Okay. Yes, makes sense. Thank you.

Speaker 1

Thank you. Your next question comes from George Vacca from Australian Super. Please go ahead.

Speaker 5

Hi, Nathan and Leon. Just a question on your guidance. Net profit forecast of $29,000,000 for the full year, assumes about $6,000,000 or $7,000,000 in net profit in the second half. I'm just wondering what the key factor is for the lower net profit compared to the first half, just the lower sales dollars you'll do or is there some lower margin product you're selling as well? Is margin a factor?

Speaker 3

Yes. It's a combination of 2 things. It's delivery of stages and buildings that we had more projects settling in the first half. In the first half, margin gross margin was around 33%. That will settle down to about 30% for the full year.
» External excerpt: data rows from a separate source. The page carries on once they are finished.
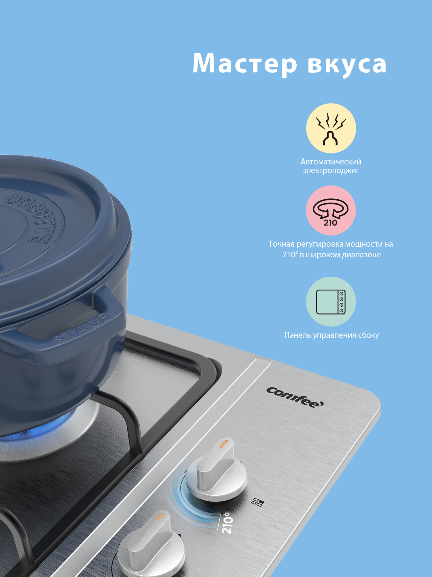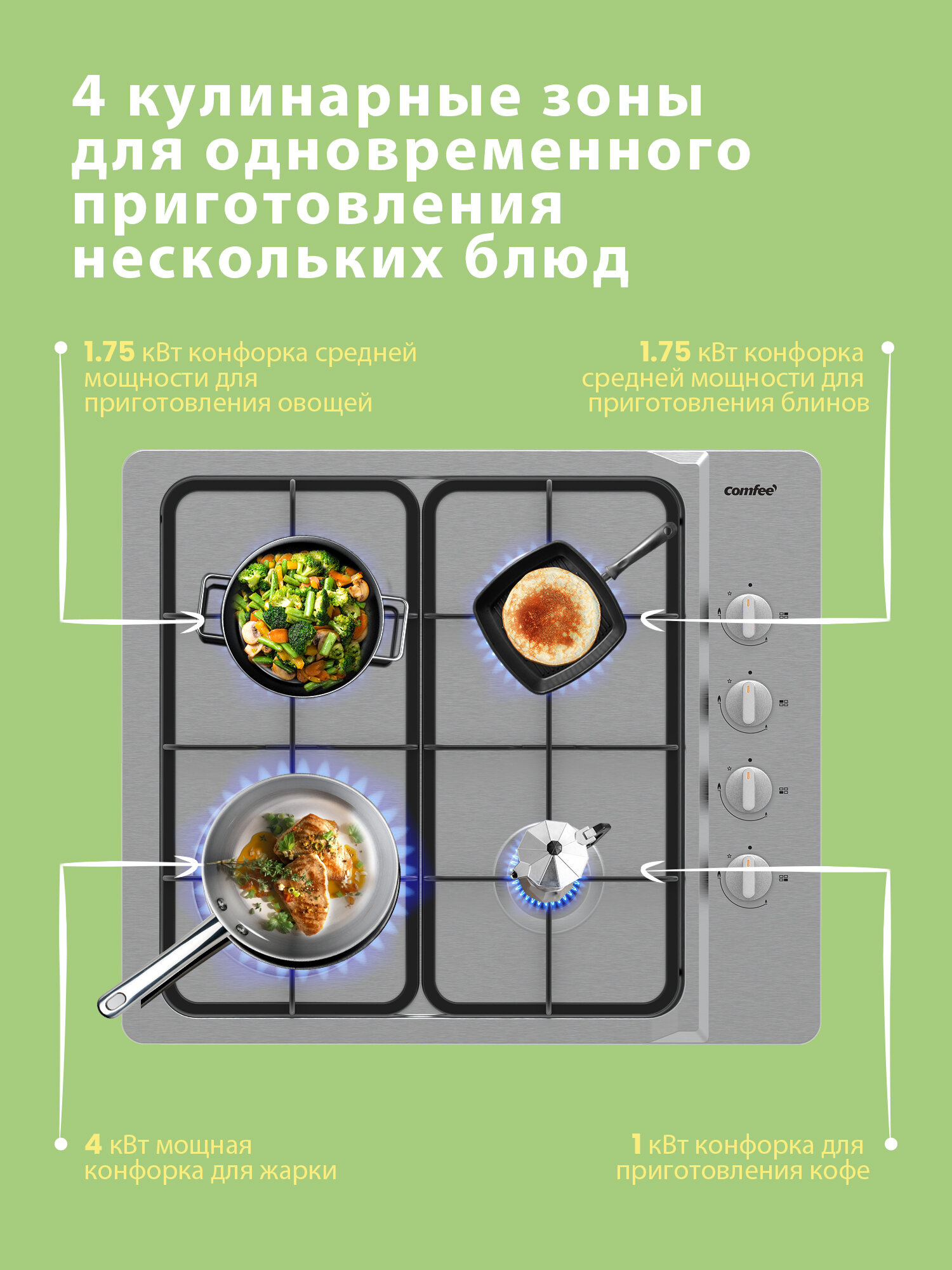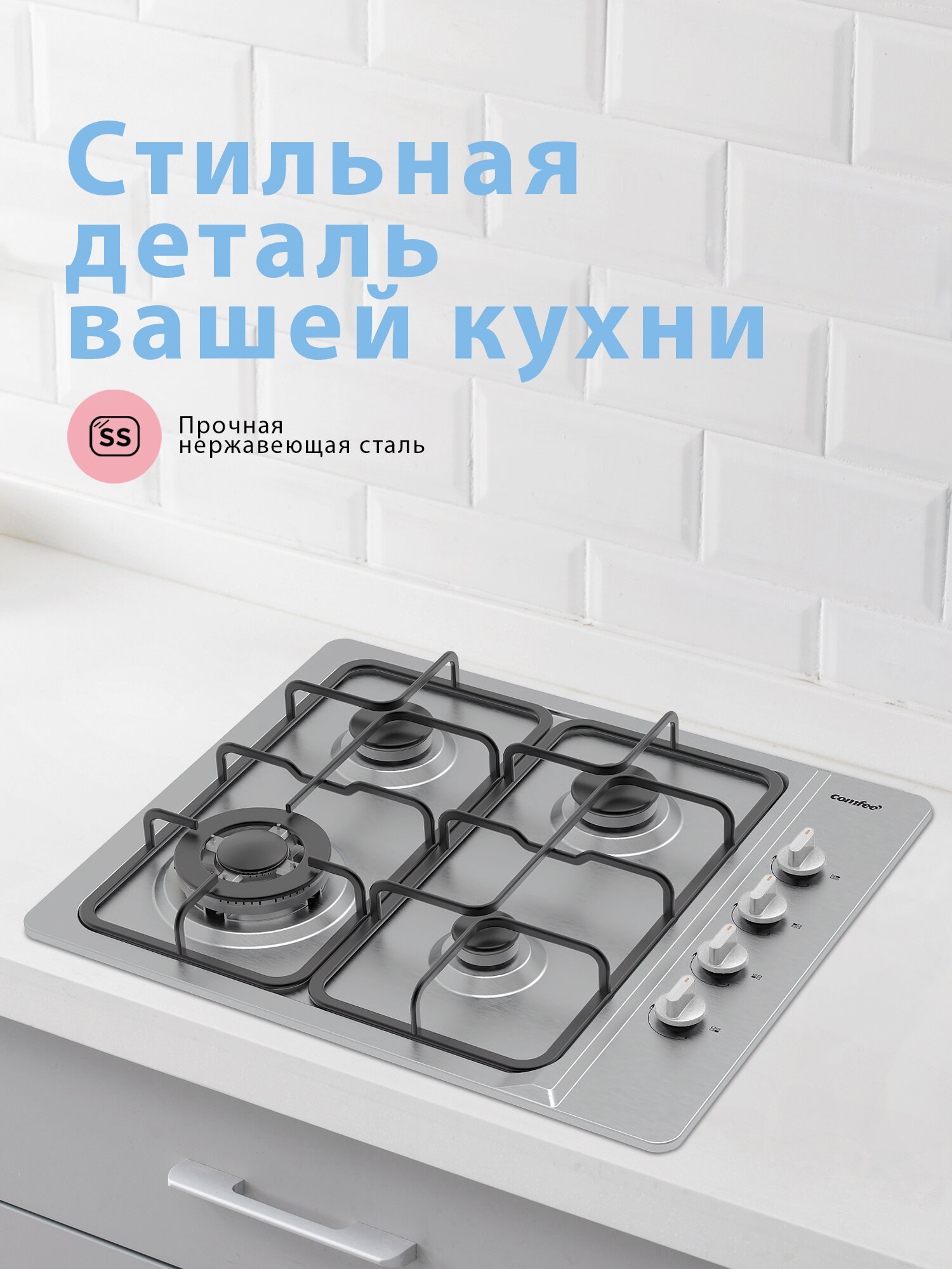 Встраиваемая газовая варочная панель Comfee CGH603X, 4 конфорки, WOK, газ-контроль, электроподжиг: сравнение цен, характеристики, фото, актуальное наличие и цены.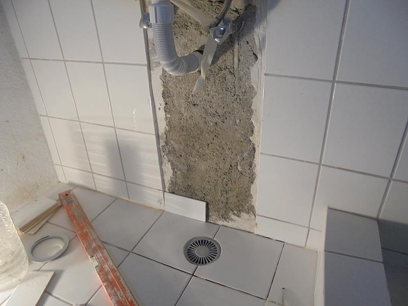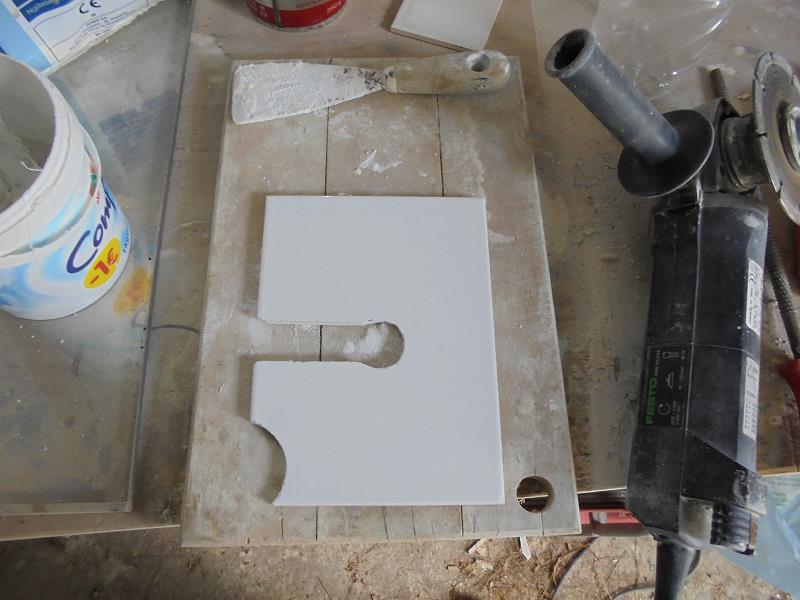 DA ARBEITE ICH DRINNEN + MACHE DAS BAD IM GUESTHOUSE FERTIG: EINIGE PLATTEN SIND KOMPLIZIERT ZU SCHNEIDEN. |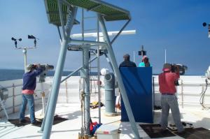 When they were not filtering samples in the lab, the mammal team (shown at right (left to right)) of Greg, Todd, Cyndy, and Mike would watch through binoculars and 'BigEyes'. The BigEyes were binocular scopes with approx. 30X magnification, which in clear conditions allowed the observers to see and identify mammals (and birds sometimes) as much as 8-10 miles from the ship. The observers would rotate through the two scopes and binocular positions frequently to avoid fatigue. The sighting platform was located above the bridge (on the 'flying bridge'). Mammal (and bird) observing was done only while the ship was underway to avoid the ship attraction effect.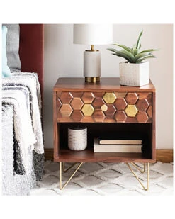Safavieh Mina Modern Coastal 2-Drawer 25in Bamboo Nightstand Home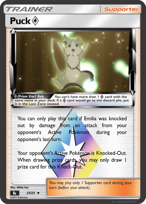 You can only play this card if Emilia was knocked out by damage from an attack from your opponent's Active Pokémon during your opponent's last turn. Your opponent's Active Pokémon is Knocked-Out. When drawing prize cards, you may only draw 1 prize card for this Knock-Out.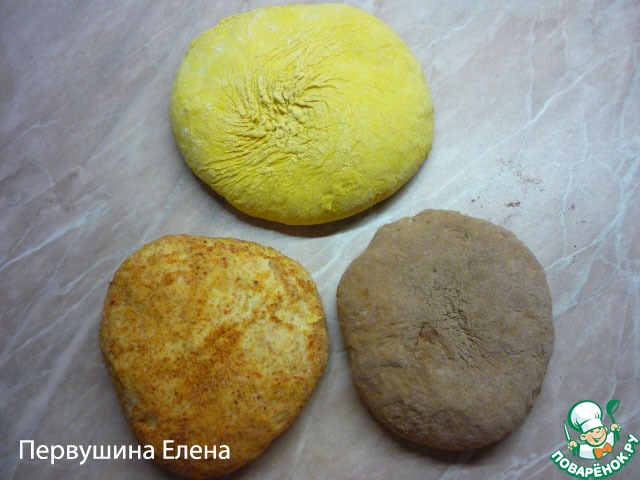 Предвидя вполне логичные вопросы, отвечаю: смешивается все равномерно, без пятен. Можно замесить отдельно, но это очень долго, да и вкус специй тогда будет ярче, что нам совершенно не нужно. А при таком раскладе процесс приготовления теста проходит быстрее, цвет красивее, а вкус тоньше.
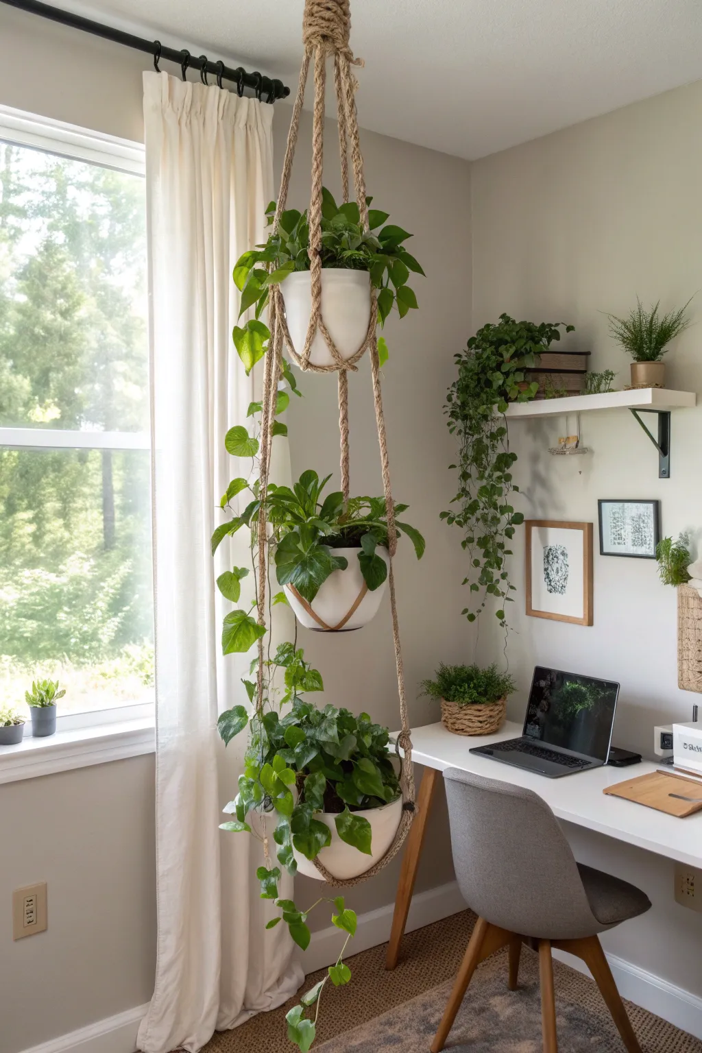 Hanging planters are perfect for adding greenery without sacrificing floor space. I’ve hung some in my home office to add life above my desk.

So the second half, the settlements taking place then are margins just inside that 30%. Okay.

Speaker 5

And that gross margin level, is that in the second half of around or that 30% gross margin you indicated there? Is that now pretty much indicative going forward? I know it will vary a bit with the mix of product, but it's been higher in the past?

Speaker 3

Yes. So this will be about the 3rd year that it's hovered around that 30%. I think last year, in the last 2 years, it was 29% 31%, and this year, again, around that 30% and that's fairly indicative of the future. But as you say, the different mix of projects settling at different times means it can be uneven in the half and move a little around from there. But that's about the month.

Speaker 5

Great. Thank you. That was all for me.

Speaker 1

Thank you. Ladies and gentlemen, this is your last opportunity to ask a question.